Phillips N E, Parker D C
Department of Molecular Genetics and Microbiology, University of Massachusetts Medical Center, Worcester 01605.
Mol Immunol. 1987 Nov;24(11):1199-205. doi: 10.1016/0161-5890(87)90166-0.
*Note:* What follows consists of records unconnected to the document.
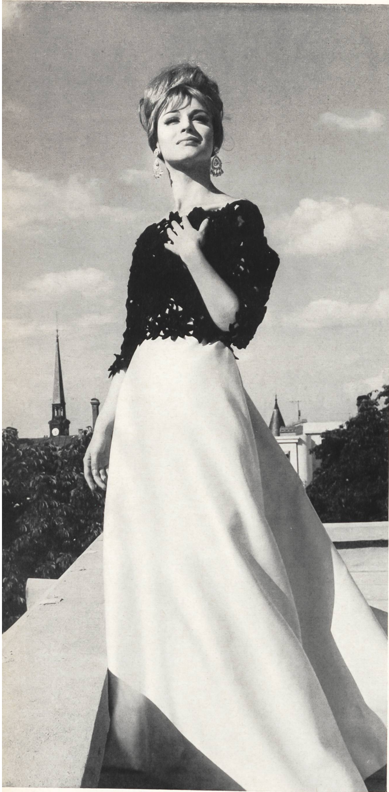
MAGGY ROUFF Broderie sur velours découpé « Nelo » de J.G. Nef & Co. S.A., Herisau Grossiste à Paris: Robert Burg & Cie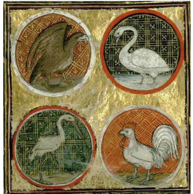
Enluminure de Des propriétés des choses , Barthélemy l'Anglais, 1247.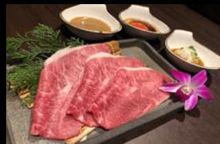
近江牛 特選焼きしゃぶ

Levels of c-myc mRNA have been assayed in mouse B cells cultured for 8 hr with Fab'2 anti-Ig or IgG anti-Ig. Fab'2 anti-Ig induces DNA synthesis in B cells, whereas the whole molecule inhibits anti-Ig-induced DNA synthesis by crosslinking the B cell Fc gamma R to mIg. Both the Fab'2 fragment and the IgG anti-Ig induce an increase in c-myc mRNA by 1 hr. Thereafter, levels in cells stimulated with submitogenic doses of Fab'2 anti-Ig or any dose of IgG anti-Ig returned to background, while levels in cultures containing a mitogenic dose of Fab'2 anti-Ig remained elevated.
用Fab'2抗Ig或IgG抗Ig培养8小时的小鼠B细胞中,已检测了c-myc mRNA的水平。Fab'2抗Ig可诱导B细胞中的DNA合成,而完整分子通过将B细胞FcγR与mIg交联来抑制抗Ig诱导的DNA合成。Fab'2片段和IgG抗Ig均可在1小时内诱导c-myc mRNA增加。此后,用亚致有丝分裂剂量的Fab'2抗Ig或任何剂量的IgG抗Ig刺激的细胞中的水平恢复到背景水平,而含有促有丝分裂剂量的Fab'2抗Ig的培养物中的水平仍保持升高。